Exporters aren’t quite rejoicing at the sharp slide in rupee from 45 to a dollar in August to 54.3 in mid-December.
For exporters a falling rupee — generally considered good as they get more rupees per dollar — has come all too sudden.
Hedging is a condition in which an exporter signs a contract with a buyer that he would pay R47 to a dollar at a future date (usually a few months from the shipment of the product) even if the actual value is different.
“We run companies,” said M Rafeeque Ahmed, chairman, Farida Group, a Chennai-based leather goods exporter. “We do not know how currency markets operate.
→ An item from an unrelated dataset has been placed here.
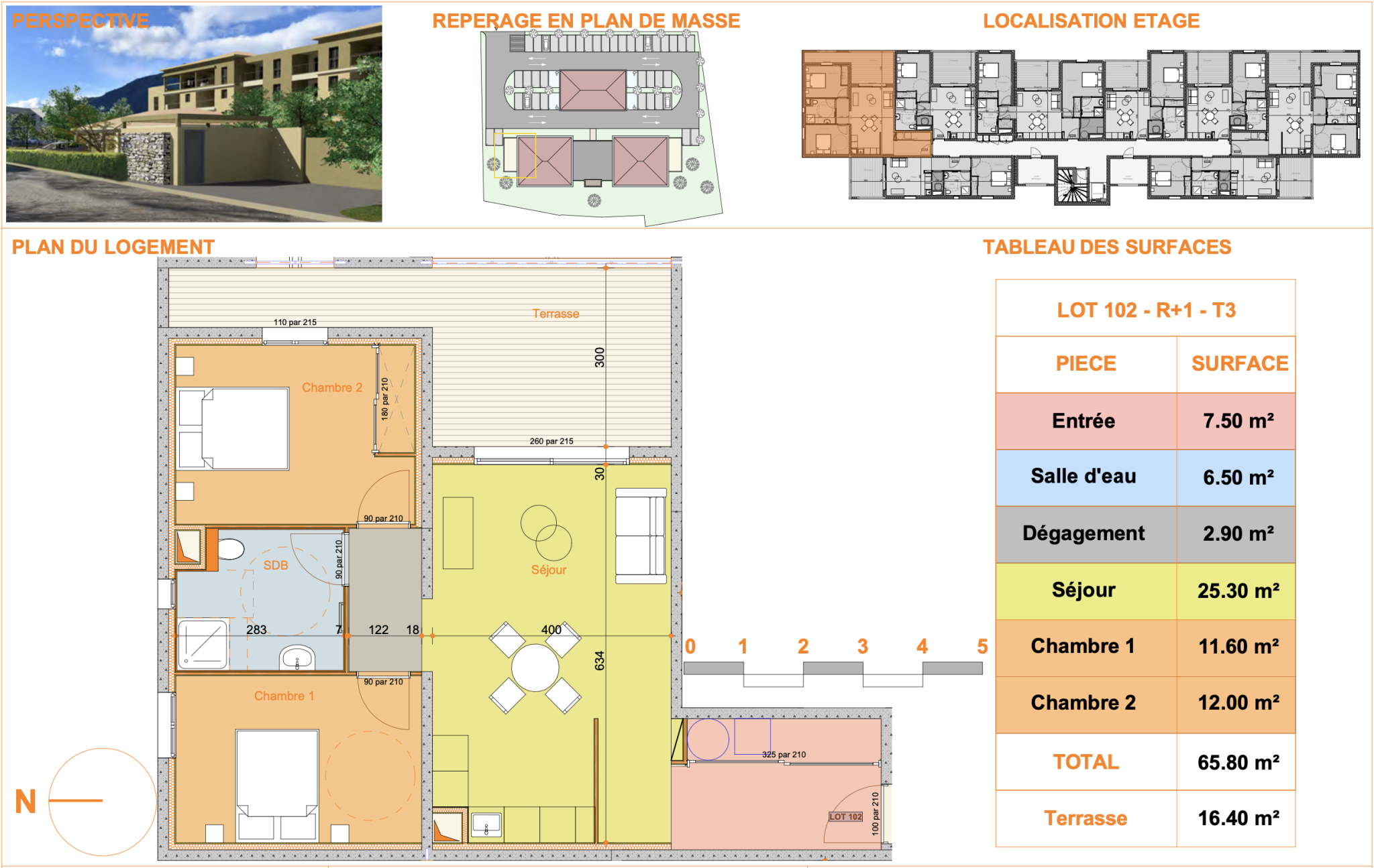 Cet appartement de 65,80 m2 vous séduira par ses volumes optimisés et sa terrasse de 16,40 m2, idéale pour profiter pleinement du climat méditerranéen et des soirées d’été.

Volatility doesn’t help us because we do not know how to hedge on a daily basis.”
In Tamil Nadu’s textile exporting hub of Tirupur, the mood isn’t quite celebratory.
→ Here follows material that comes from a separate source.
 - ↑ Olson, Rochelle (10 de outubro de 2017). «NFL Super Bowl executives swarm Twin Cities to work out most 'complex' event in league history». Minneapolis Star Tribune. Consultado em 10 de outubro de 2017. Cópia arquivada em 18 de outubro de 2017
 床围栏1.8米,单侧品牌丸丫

“Due to interest hikes, high cotton prices and inflationary pressures that the textile industry is facing, we hedged our forex future exposures; but today things have turned and it is not a happy situation for us,” Muruganandan, managing partner, Gomathy International, a textile exporter from Tirupur told HT.
“Though exporters have not made losses but their profits are not in line with the fall in the rupee,” said a Mumbai-based foreign exchange treasury analyst.
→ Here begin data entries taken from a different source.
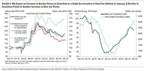 ①汽车价格。继去年12月上涨1.2%之后,该行预计二手车价格1月份将加速上涨1.5%,反映出二手车拍卖价格上涨。新车价格上涨0.5%,因为1月份经销商促销优惠导致环比下降12%。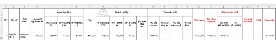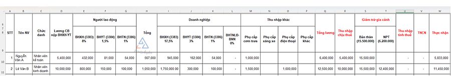 2. Ví dụ và công thức tính lương trong Excel, hàm tính lương thưởng trong Excel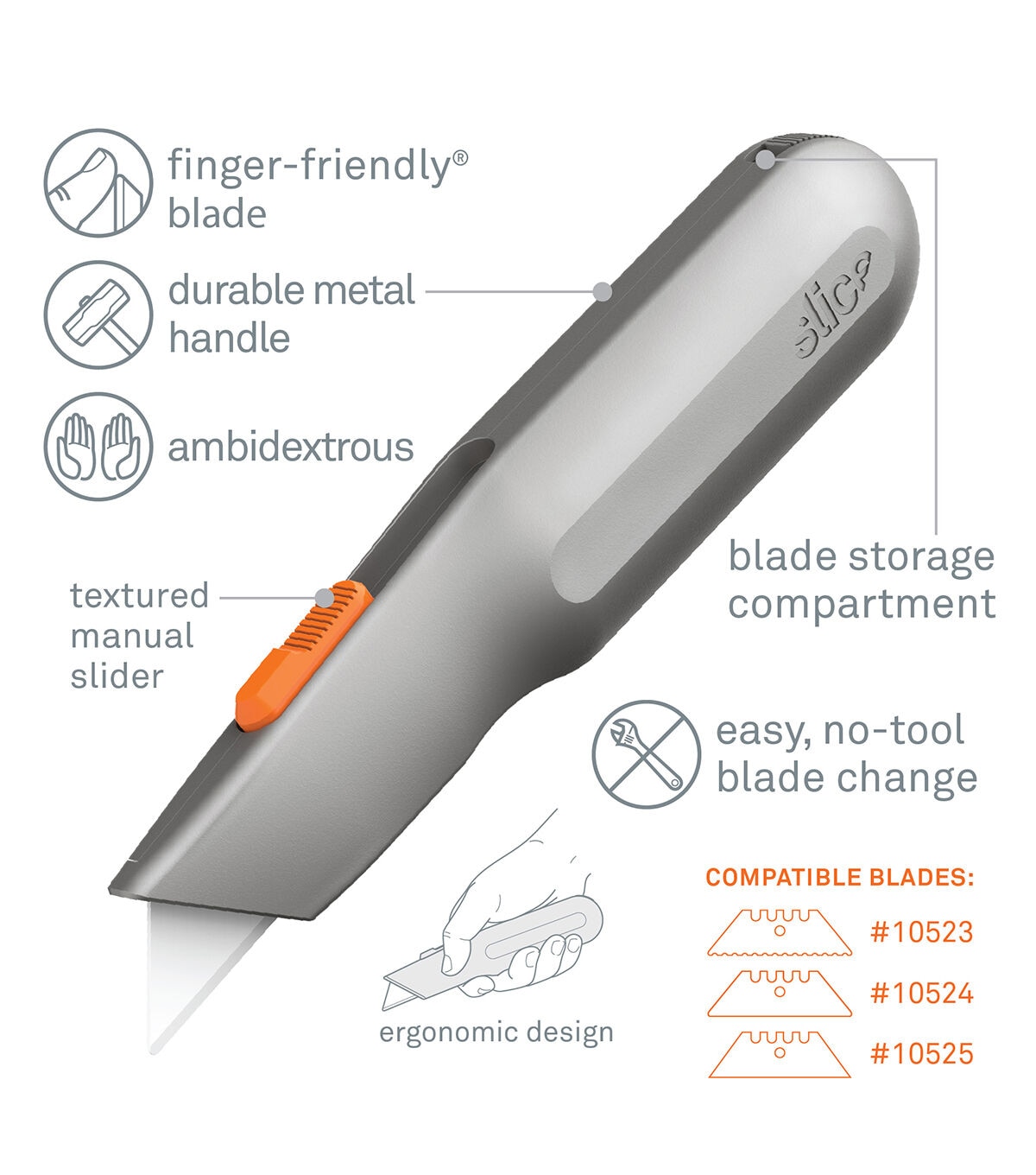 - An easy-grip slider allows you to manually retract the blade when not in use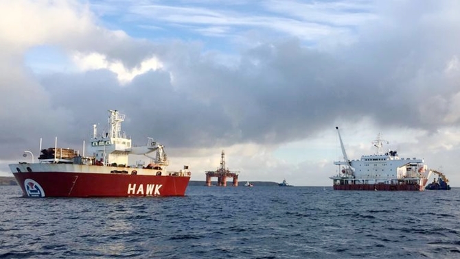 Ağustos ayında İskoçya'nın Kuzeyinde fırtınaya yakalanarak karaya oturan ve büyük hasar gören TRANSOCEAN WINNER isimli petrol platformu, sökülmek amacıyla Aliağa'ya getiriliyor.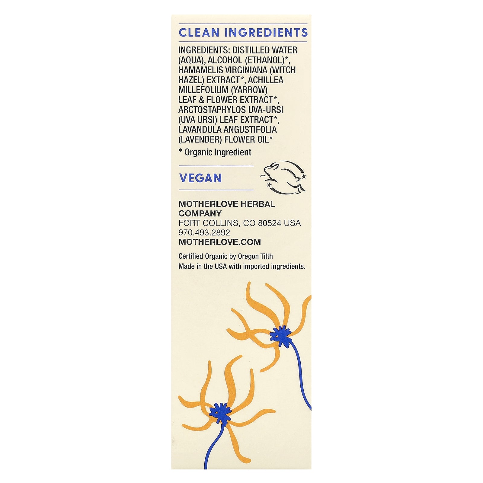 Distilled water (aqua), alcohol (ethanol)*, hamamelis virginiana (witch hazel) extract*, achillea millefolium (yarrow) leaf & flower extract* arctostaphylos uva-ursi (uva ursi) leaf extract*, lavandula angustifolia (lavender) flower oil*.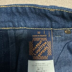 Elegant Louis Vuitton jean shorts. Dark blue denim with gold logo details. Ideal for casual elegance.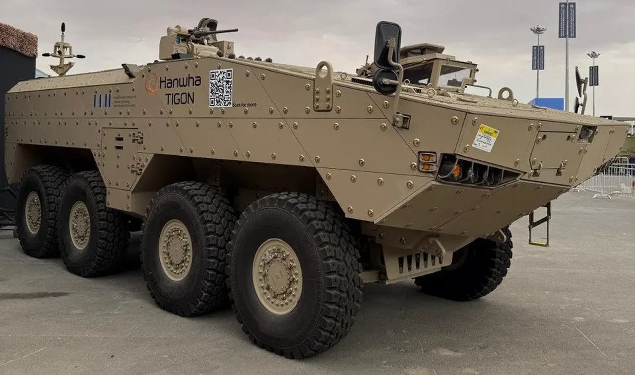 На выставке WDS 2026 в Эр-Рияде южнокорейская компания Hanwha Aerospace представила особую конфигурацию бронемашины Tigon 8х8, способную обнаруживать огонь противника.
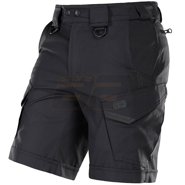 Shorts Aggressor confortables et durables de M-Tac en noir. Légers, imperméables et élégants, parfaits pour l'entraînement, le tir, le travail ou les voyages. 64 % coton, 32 % polyester, 4 % élasthanne. Dotés de larges poches renforcées, conçues pour des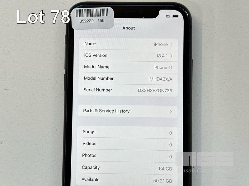 APPLE iPHONE 11, 64GB, MODEL MHDA3X/A, A2221, BLACK, BATTERY HEALTH 86% (NO CABLE, NO CHARGER) (NOTE: MINOR SCRATCHES ON SCREEN) S/N:DX3H3FZGN735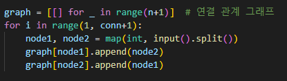 graph = [[] for _ in range(n+1)] # 연결 관계 그래프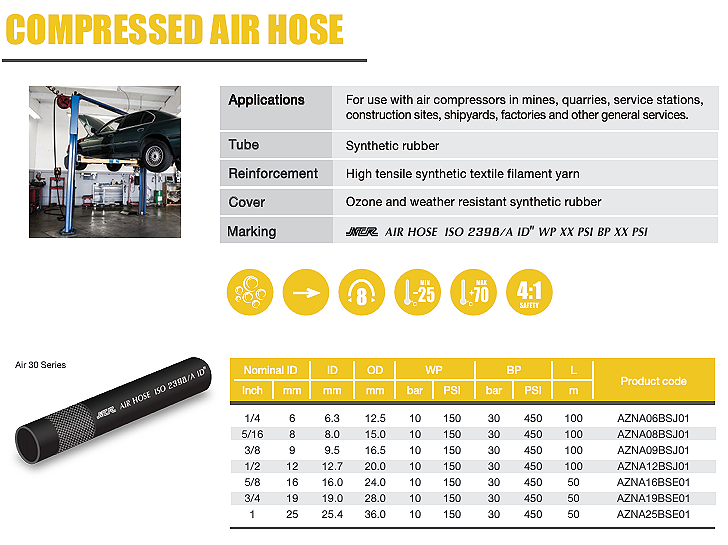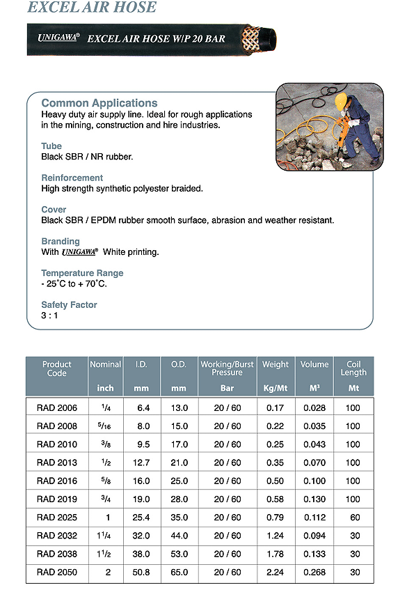 Medium duty air hose for transfer of compressed air in mining, construction, hire and general industry applications.

“Exporters who already sold-off their dollars won’t be able to realise profits as they thought earlier,” said Shamik Bhose, executive director, Microsec Commerze, a firm dealing wih futures and commodity trading.
The Federation of Indian Exporters Organisation said that despite the recent depreciation, exporters should hedge risk as it is not possible to forecast rupee movement in the short-to-medium term.